Let's now reshape the data, keeping only the fields we're interested in:

load_file "sample.txt"
read_syslog
content = content.parse_grok("%{DATA:id} %{DATA:ts} %{DATA:action} %{GREEDYDATA:params}")
content.params = content.params.parse_kv()
// Interpret the timestamp as a seconds since Unix epoch.
content.ts = from_epoch(content.ts * 1s)
// Interpret the duration parameter as seconds.
content.params.duration = content.params.duration * 1s
// Split the forwarded_for field into an array of IP addresses.
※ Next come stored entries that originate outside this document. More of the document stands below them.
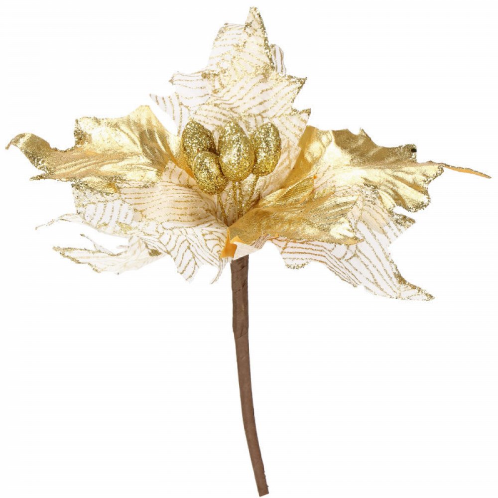 Umělý květ vánoční růže s okvětnímu lístky zdobenými třpytkami. Realistické zpracování, ohebný stonek. Vhodné do různých vánočních aranžmá, k výzdobě stromečku nebo jako samostatná dekorace. Velikost 24x26 cm, zlatá barva.
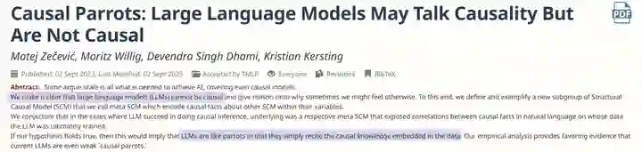 causal parrots. 作者将这种现象称为“Causal Parrots”。简单来说,这意味着这些最为强大的智能体,即便表现得很像人类,依然只是在重复着训练数据中已经存在的因果知识,没有真正地理解这些知识,就像学舌的鹦鹉一样。
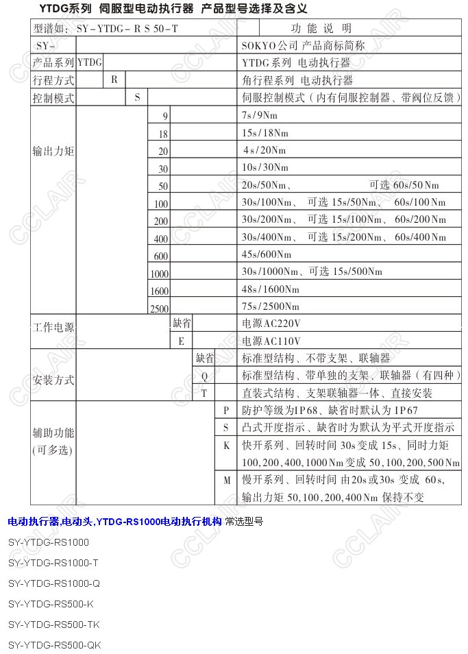 SY-YTDG-RS1000,SY-YTDG-RS1000-T,SY-YTDG-RS1000-Q,YTDG-RS1000電動執(zhí)行機(jī)構(gòu)
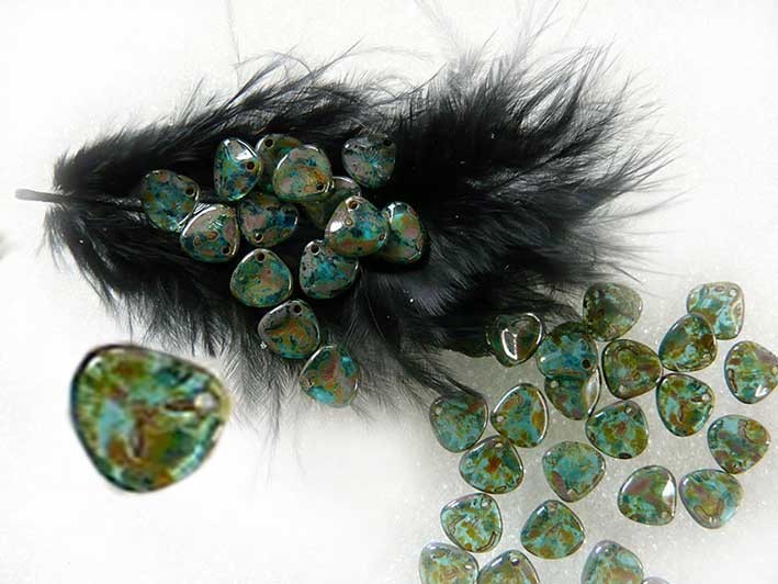 Pétale en verre de Bohême 7x 8mm Aquamarine dark travertin X 20
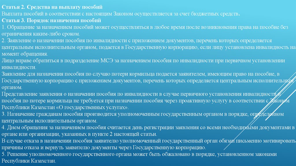 1. Граждане Республики Казахстан имеют право на получение государственных социальных пособий по
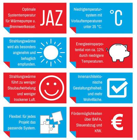 Zudem fördern verschiedene Programme die energetische Sanierung mit Flächenheizsystemen. Es lässt sich also nahezu für jedes Modernisierungsprojekt das passende System mit der passenden Förderung finden, um die Wohnung oder Immobilie zukunftssicher zu machen.
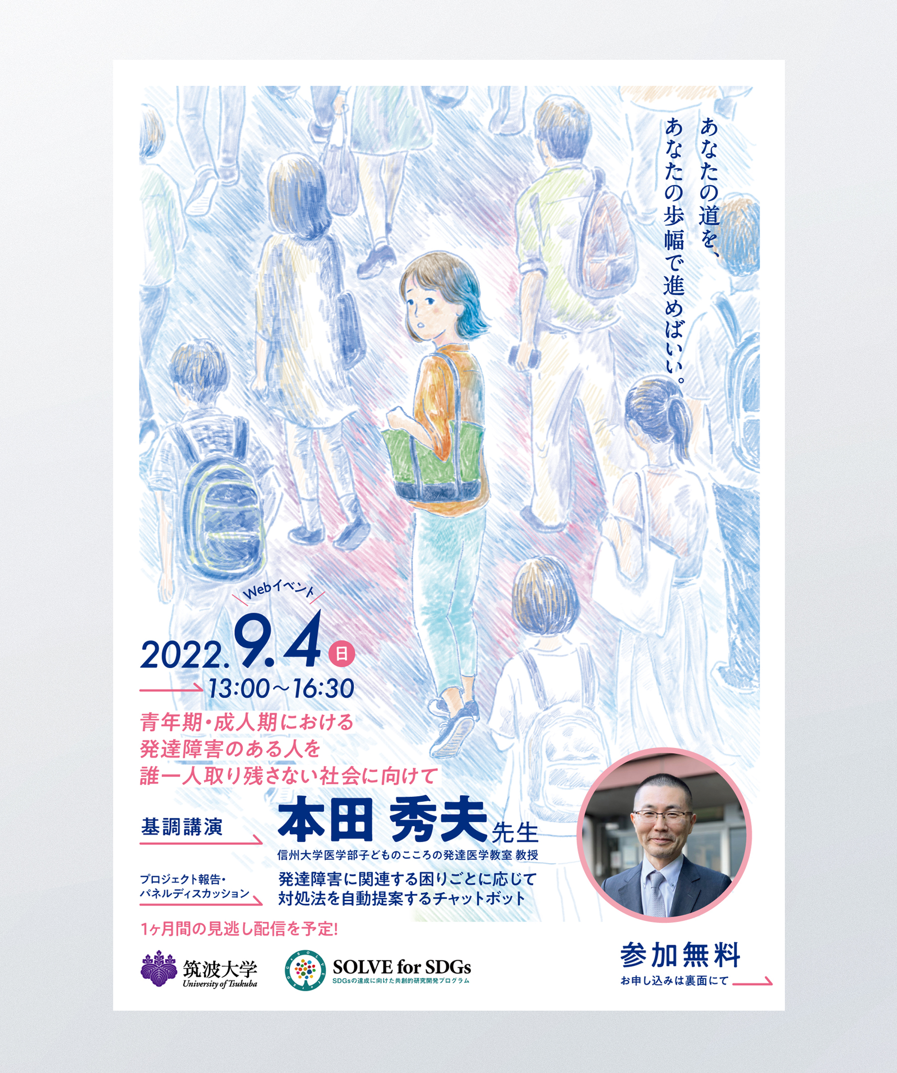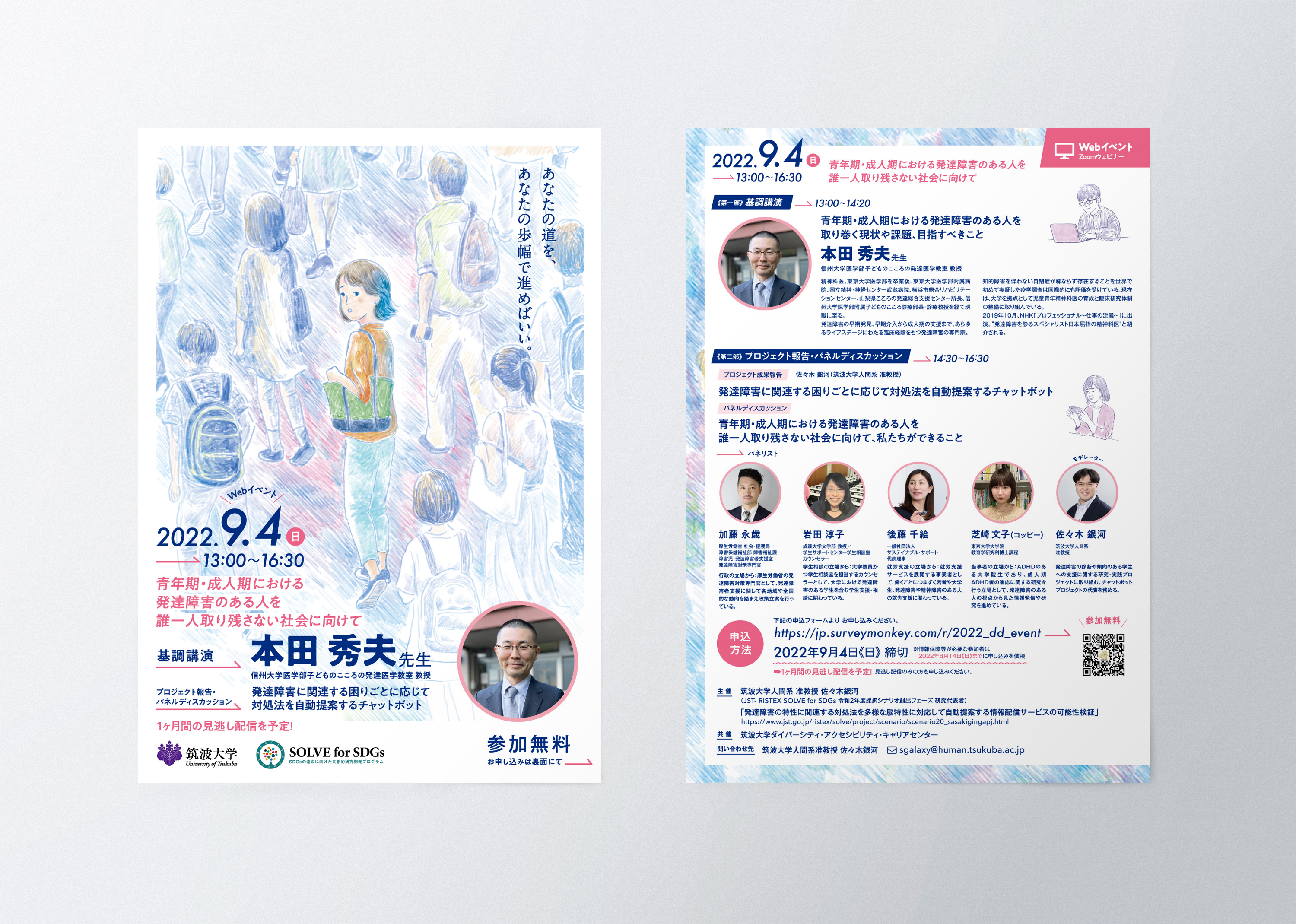 講演会のフライヤー イラストレーション,フライヤー 筑波大学の「青年期・成人期における発達障害のある人を誰一人取り残さない社会に向けて」基調講演のフライヤー制作。 ーディレクション / デザイン / イラスト : Kazuhiro Nonaka カテゴリー: イラストレーション,フライヤー タグ: #シンポジウム chevron_left前へ 「いばらきの地酒バー」オープン告知ツール chevron_right次へ シンポジウムのフライヤー

content.params.forwarded_for = content.params.forwarded_for.split(", ").map(x, x.ip())
this = {
  // We keep both timestamps, labelling the one from the message `time` and the
  // one from Syslog itself `forwarded_time`:
  time: content.ts,
  forwarded_time: timestamp,
  // Copy the other id and the action from the Syslog message:
  id: content.id,
  action: content.action,
  // Lastly, take all the params:
  ...content.params,
}
{
  time: 2023-12-21T18:18:16Z,
  forwarded_time: 2023-06-09T05:51:36.433Z,
  id: "I103",
  action: "request",
  baddr: 194.1.1.1,
  bport: 58630,
  c_ctype: "image/png",
  caddr: 194.1.1.1,
  cin: 860,
  cout: 898,
  cport: 58630,
  duration: 0ns,
  forwarded_for: [
    192.1.1.1,
    191.1.1.1,
  ],
  laddr: 127.128.11.145,
  lport: 1,
  method: "GET",
  paddr: 172.0.0.1,
  pport: 80,
  proto: 6,
  relay_name: "wwwserver",
  response_code: 200,
  rnum: 6489895,
  s_ctype: "image/png",
  saddr: 172.0.0.1,
  sin: 898,
  sout: 819,
  sport: 80,
  status: "OK",
  url: "http://test.de/images/icons/144x144.png",
}

Now we just need to switch from reading from a file to accepting Syslog over UDP directly, and we're done. That's as simple as replacing load_file "…" with load_udp "…" or load_tcp "…".